Archive | January, 2017

The Kerslake Review of North Essex Garden Communities – perhaps not what you thought?

28 Jan

sir-humphrey

Some commentators seem to think that this recently completed report supports the plans of the local councils to create 32,000 new homes in three different locations. For example, the Essex County Council website has an item entitled ‘Leading housing expert supports Garden Communities project’.

However, it helps, when reading this report (available at http://bit.ly/2ky7cTu) to recall that Lord Bob Kerslake – a former permanent secretary of the Department for Communities and Local Government (DCLG) is rather a ‘Sir Humphrey’ character. As readers of a certain age will know, Sir Humphrey was the fictional civil servant advising the hapless Jim Hacker, and was master of the rather subtle way of saying things.

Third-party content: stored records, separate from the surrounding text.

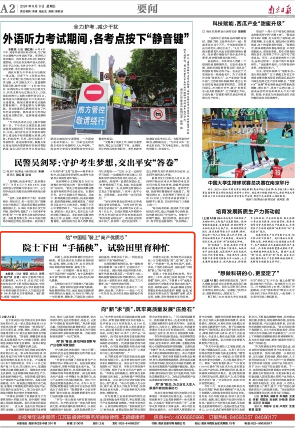 【南京日报】院士下田 “手插秧”, 试验田里育种忙 原文链接:
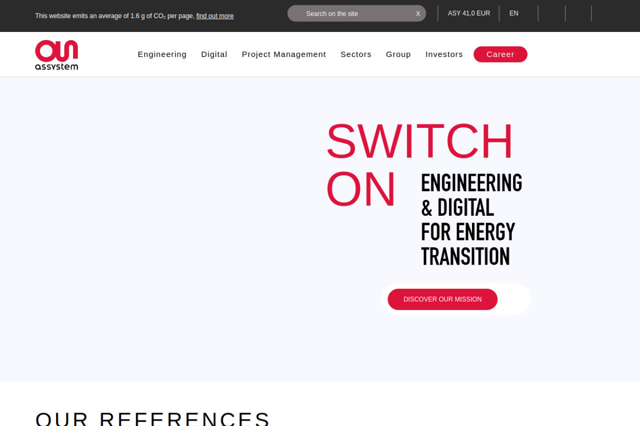 assystem.com looks like business & industrial. Traffic signals point to roughly 76.4K monthly visits. Current AI trust scoring is 5/100.
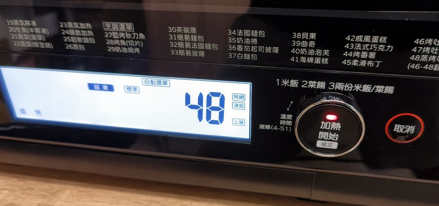 ▼料理模式有燒烤、烘烤、蒸煮、低溫蒸煮、發酵、混合烹調、微波蒸煮、過熱水蒸氣等,共有51項自動菜單,通通標示在機身上頭,只要參照數字就能快速操作,簡單就能烹調出一道道美味。
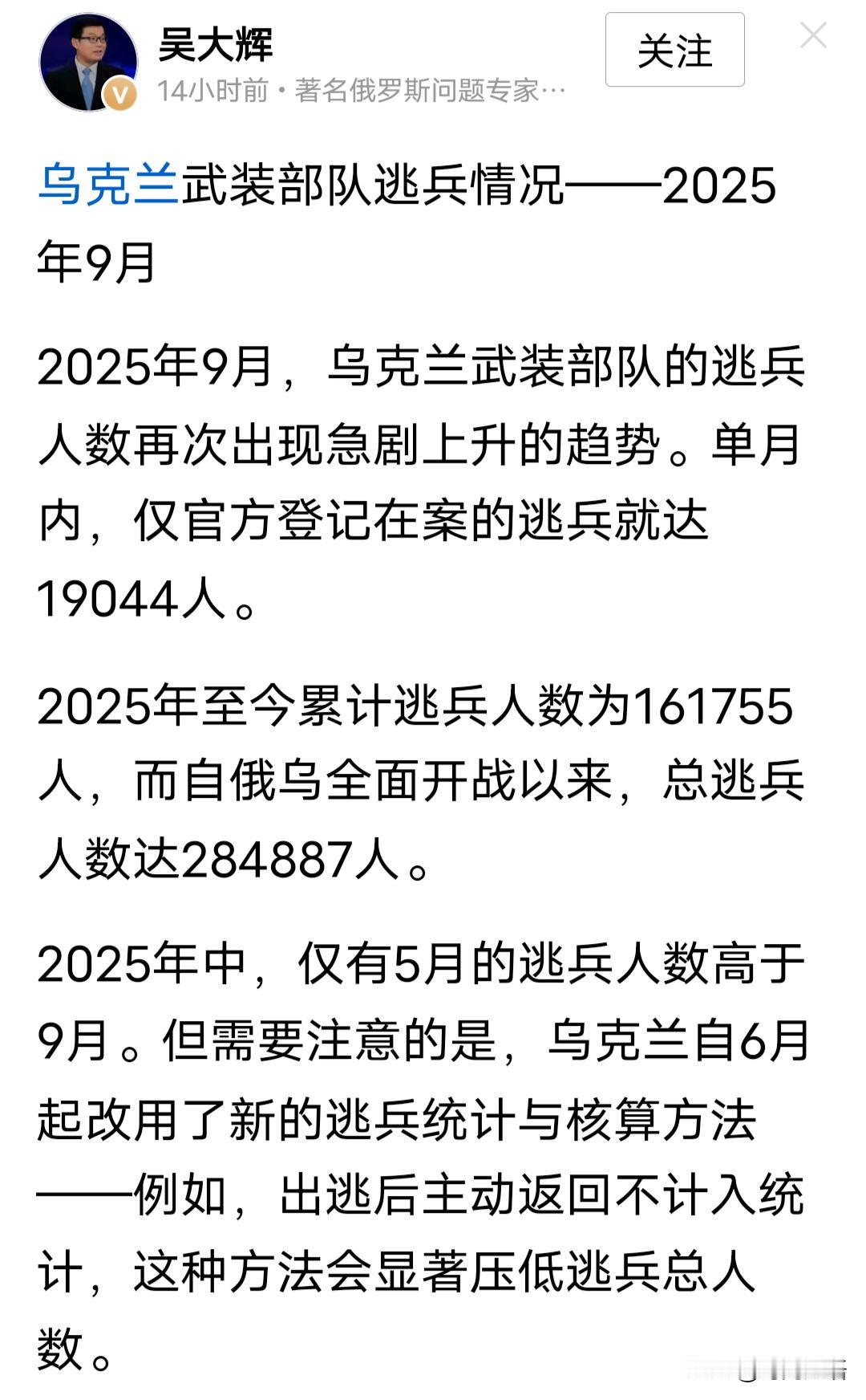 吴大辉被乌克兰骗了,乌军怎么可能有28万多逃兵,大约是把阵亡也统计上可以省去很大一笔抚恤金。 泽连斯基称乌军总人数有88万人,如果有28万逃兵的话这仗还怎么打?所以这里面肯定是有猫腻的。 最有可能的就是把阵亡士兵统计到逃兵里,因为乌克兰打到现在也没钱了。 这种做法虽然省钱但很不好,也不人道,为国捐躯的士兵家属得不到抚恤金还落得逃兵骂名……
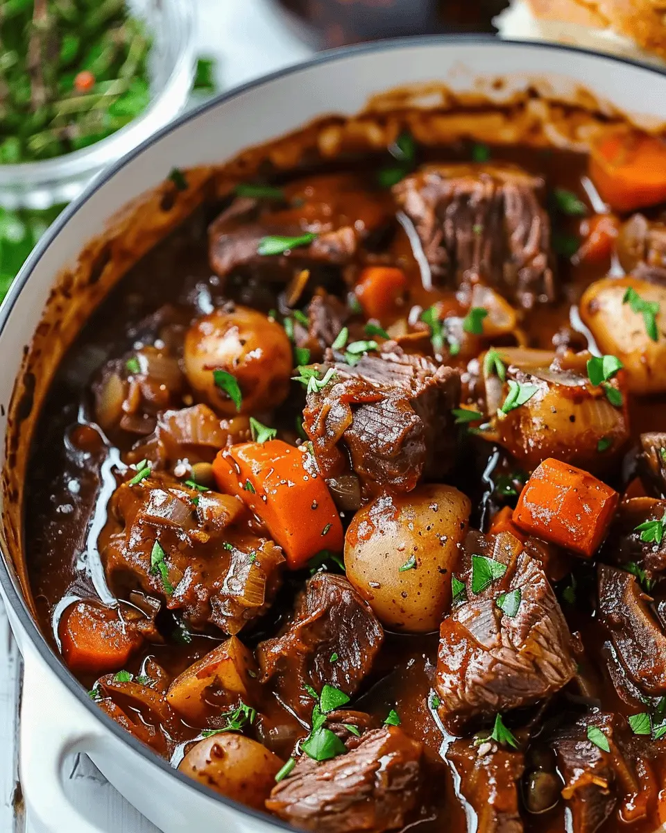 Once your ingredients are well combined, pour in the beef stock until everything is just submerged. Bring the mixture to a gentle simmer, then cover the pot and reduce the heat to low. The magic of slow cooking comes next! Allow this beautiful concoction to simmer for about 2 to 3 hours, or until the beef is fork-tender—your patience will be rewarded.
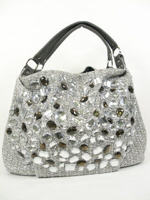 キラキラの装飾をたっぷり付けたメッシュバッグ。クタッとしているのでショルダーとして持っても決まります。
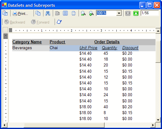 'Visual Basic Dim counter As Integer Private Sub Detail1_Format(ByVal sender As Object, ByVal e As System.EventArgs)Handles Detail1.Format Dim drc As DataRow If CType(Me.DataSource, DataSet).Tables("Categories").Rows.Count > counter Then drc = CType(Me.DataSource, DataSet).Tables("Categories").Rows(counter) counter = counter + 1 End If Dim rpt As New rptProductsSub() rpt.DataSource = drc.GetChildRows(CType(Me.DataSource, DataSet).Relations("CategoriesProducts")) Me.SubReport1.Report = rpt End Sub//C# int counter; private void detail_Format(object sender, System.EventArgs eArgs) { DataRow drc = null; if(((DataSet)this.DataSource).Tables["Categories"].Rows.Count>counter) { drc = ((DataSet)this.DataSource).Tables["Categories"] .Rows[counter]; counter++; } rptProductsSub rpt = new rptProductsSub(); rpt.DataSource = drc.GetChildRows(((DataSet)this.DataSource) .Relations["CategoriesProducts"]); this.SubReport1.Report = rpt; }
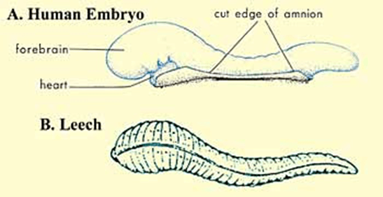 Figure 1: Drawings illustrating the similarities in appearance between a leech and a human embryo at the alaqah stage. (Leech drawing from Human Development as Described in the Quran and Sunnah, Moore and others, p. 37, modified from Integrated Principles of Zoology, Hickman and others. Embryo drawing from The Developing Human, Moore and Persaud, 5th ed., p. 73.)
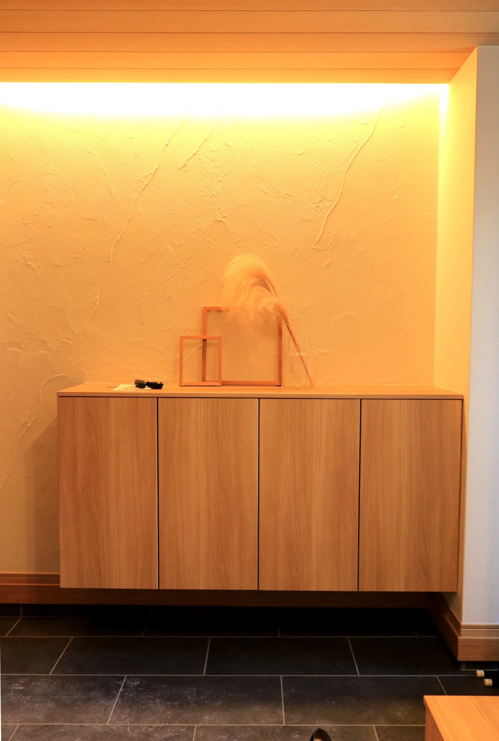 玄関ホールには間接照明や家族の思い出を飾るニッチが配され、洗練されたデザインが随所に施されています。
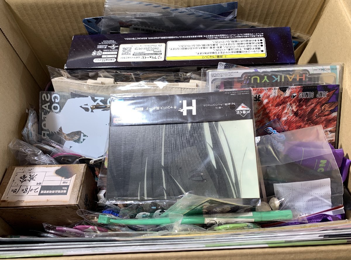 【紫波60-1-1111】【現状品/140】グッズ まとめ ウィンドブレーカー ガンダム 呪術廻戦 エヴァ 鬼滅の刃 ゴジラ ハイキュー ワンピース 他 クリアポスター アクスタ 缶バッジ 色紙 ポーチ ラバスト ポーチ バック

A reading of the report shows that some translation is required from mandarin-speak of the Sir Humphrey variety to the modern idiom. For example, when the report says ‘The council’s ambition for this project is impressive’ we can translate this as ‘there’s little chance of them delivering this as it stands’. Similarly when referring to the timetable as ‘ambitious’, and strongly advising  ‘that they complete the Planning Advisory Toolkit to evaluate their readiness’ we can see clear mandarin-speak for ‘you are not ready – there’s a lot more work to do’.

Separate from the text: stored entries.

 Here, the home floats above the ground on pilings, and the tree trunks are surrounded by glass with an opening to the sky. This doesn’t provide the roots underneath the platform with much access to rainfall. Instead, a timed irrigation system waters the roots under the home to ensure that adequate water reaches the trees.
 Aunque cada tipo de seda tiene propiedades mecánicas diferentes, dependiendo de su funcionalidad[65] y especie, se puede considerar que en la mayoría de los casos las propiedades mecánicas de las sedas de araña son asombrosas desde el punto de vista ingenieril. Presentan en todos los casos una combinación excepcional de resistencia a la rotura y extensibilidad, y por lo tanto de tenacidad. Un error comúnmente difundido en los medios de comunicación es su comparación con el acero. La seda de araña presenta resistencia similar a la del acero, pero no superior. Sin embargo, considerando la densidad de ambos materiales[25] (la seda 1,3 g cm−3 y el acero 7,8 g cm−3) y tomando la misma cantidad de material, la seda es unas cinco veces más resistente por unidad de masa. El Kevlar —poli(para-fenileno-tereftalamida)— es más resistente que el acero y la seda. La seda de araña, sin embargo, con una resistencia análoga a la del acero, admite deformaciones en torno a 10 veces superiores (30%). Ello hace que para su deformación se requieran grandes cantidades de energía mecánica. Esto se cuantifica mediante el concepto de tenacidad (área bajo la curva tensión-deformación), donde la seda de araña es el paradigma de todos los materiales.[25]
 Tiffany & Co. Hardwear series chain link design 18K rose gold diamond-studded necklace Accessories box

Perhaps the most damning but understated finding is on delivery capacity: ‘the current team is too small to deliver the next stage of the project; all but two staff deliver this project alongside other work (italics added)’. This is an incredible statement for a project designed to, as the report notes, ‘add over 80,000 to the existing population – equivalent to the City of Bath’.

Against this background it is no wonder that Braintree District Council have pushed back a key meeting to 5th June from February.

But the report is not content to challenge delivery and timescales – it has an appendix saying that the concept needs a clear ‘strategic narrative’. A good challenge – which invites the local councils to come clean on whether they simply plan more dormitory suburbs or have a genuine strategic plan for a significant expansion of North Essex.

In short, it’s a good report – but it doesn’t give the support to the North Essex Garden Communities project that some commentators think it does.